### The task
Some lines in the listing hold the word "with". Return each of them.

### Available data
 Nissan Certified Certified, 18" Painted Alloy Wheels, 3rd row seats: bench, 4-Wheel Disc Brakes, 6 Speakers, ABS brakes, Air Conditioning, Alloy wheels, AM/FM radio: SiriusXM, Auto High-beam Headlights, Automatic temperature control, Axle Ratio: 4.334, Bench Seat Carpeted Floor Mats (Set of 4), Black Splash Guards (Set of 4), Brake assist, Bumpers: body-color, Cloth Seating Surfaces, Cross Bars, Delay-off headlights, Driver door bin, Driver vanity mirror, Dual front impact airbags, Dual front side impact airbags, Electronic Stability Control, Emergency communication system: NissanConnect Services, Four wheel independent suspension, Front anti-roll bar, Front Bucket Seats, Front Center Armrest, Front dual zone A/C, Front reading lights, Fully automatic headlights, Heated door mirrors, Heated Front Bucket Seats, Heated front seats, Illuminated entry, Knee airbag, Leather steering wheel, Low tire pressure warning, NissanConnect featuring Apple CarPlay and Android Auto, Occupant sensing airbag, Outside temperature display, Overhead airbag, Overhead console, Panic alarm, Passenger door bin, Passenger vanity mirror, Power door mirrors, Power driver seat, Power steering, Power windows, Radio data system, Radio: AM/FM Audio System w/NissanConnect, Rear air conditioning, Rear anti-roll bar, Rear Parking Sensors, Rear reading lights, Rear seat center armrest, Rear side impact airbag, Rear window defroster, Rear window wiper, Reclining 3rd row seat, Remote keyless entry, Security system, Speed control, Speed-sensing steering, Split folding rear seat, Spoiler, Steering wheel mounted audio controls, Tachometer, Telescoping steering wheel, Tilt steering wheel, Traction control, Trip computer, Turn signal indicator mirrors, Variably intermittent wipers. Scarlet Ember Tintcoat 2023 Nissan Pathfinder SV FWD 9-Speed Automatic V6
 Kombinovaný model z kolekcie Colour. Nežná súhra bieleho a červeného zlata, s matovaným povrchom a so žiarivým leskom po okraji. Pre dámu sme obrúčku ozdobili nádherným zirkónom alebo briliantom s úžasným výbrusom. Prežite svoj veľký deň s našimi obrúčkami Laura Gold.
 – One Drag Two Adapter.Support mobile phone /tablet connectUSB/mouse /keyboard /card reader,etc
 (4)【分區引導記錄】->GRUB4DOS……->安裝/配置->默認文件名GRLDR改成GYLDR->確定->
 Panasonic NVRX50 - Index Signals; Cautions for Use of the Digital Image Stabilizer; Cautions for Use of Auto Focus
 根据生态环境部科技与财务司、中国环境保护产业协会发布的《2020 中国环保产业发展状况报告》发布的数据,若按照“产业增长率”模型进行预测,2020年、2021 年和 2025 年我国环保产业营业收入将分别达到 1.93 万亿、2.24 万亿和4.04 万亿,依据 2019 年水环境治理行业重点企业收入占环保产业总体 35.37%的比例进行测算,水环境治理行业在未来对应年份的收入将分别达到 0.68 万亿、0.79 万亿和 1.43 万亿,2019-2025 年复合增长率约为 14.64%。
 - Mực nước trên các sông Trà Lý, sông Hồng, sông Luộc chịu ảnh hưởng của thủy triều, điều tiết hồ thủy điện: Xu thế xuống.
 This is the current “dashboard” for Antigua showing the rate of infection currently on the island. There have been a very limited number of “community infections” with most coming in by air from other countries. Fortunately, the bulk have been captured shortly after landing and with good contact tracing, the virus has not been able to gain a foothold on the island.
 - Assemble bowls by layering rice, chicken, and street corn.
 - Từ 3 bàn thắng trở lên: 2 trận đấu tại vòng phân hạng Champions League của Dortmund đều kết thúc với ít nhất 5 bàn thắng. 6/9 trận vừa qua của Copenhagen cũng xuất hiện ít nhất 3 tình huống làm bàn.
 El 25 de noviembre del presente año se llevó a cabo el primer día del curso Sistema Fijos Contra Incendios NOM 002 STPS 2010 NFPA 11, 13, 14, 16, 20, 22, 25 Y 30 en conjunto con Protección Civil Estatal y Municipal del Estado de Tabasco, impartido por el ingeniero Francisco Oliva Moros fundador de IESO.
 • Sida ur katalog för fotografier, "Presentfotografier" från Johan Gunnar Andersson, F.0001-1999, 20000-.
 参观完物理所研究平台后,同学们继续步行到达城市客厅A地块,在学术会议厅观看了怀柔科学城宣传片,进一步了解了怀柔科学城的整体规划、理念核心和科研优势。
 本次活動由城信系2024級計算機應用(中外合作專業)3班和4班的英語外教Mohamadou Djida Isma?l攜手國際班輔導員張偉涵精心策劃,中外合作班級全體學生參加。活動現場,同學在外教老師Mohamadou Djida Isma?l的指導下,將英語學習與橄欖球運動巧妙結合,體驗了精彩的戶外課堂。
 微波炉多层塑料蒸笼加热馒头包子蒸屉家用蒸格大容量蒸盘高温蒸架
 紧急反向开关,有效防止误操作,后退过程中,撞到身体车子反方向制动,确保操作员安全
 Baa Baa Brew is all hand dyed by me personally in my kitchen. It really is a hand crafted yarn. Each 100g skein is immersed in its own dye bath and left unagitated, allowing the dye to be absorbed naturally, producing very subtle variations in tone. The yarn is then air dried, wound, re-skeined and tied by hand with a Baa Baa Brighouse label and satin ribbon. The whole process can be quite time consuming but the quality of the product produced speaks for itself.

### Solution for this problem
 This is the current “dashboard” for Antigua showing the rate of infection currently on the island. There have been a very limited number of “community infections” with most coming in by air from other countries. Fortunately, the bulk have been captured shortly after landing and with good contact tracing, the virus has not been able to gain a foothold on the island.
 Baa Baa Brew is all hand dyed by me personally in my kitchen. It really is a hand crafted yarn. Each 100g skein is immersed in its own dye bath and left unagitated, allowing the dye to be absorbed naturally, producing very subtle variations in tone. The yarn is then air dried, wound, re-skeined and tied by hand with a Baa Baa Brighouse label and satin ribbon. The whole process can be quite time consuming but the quality of the product produced speaks for itself.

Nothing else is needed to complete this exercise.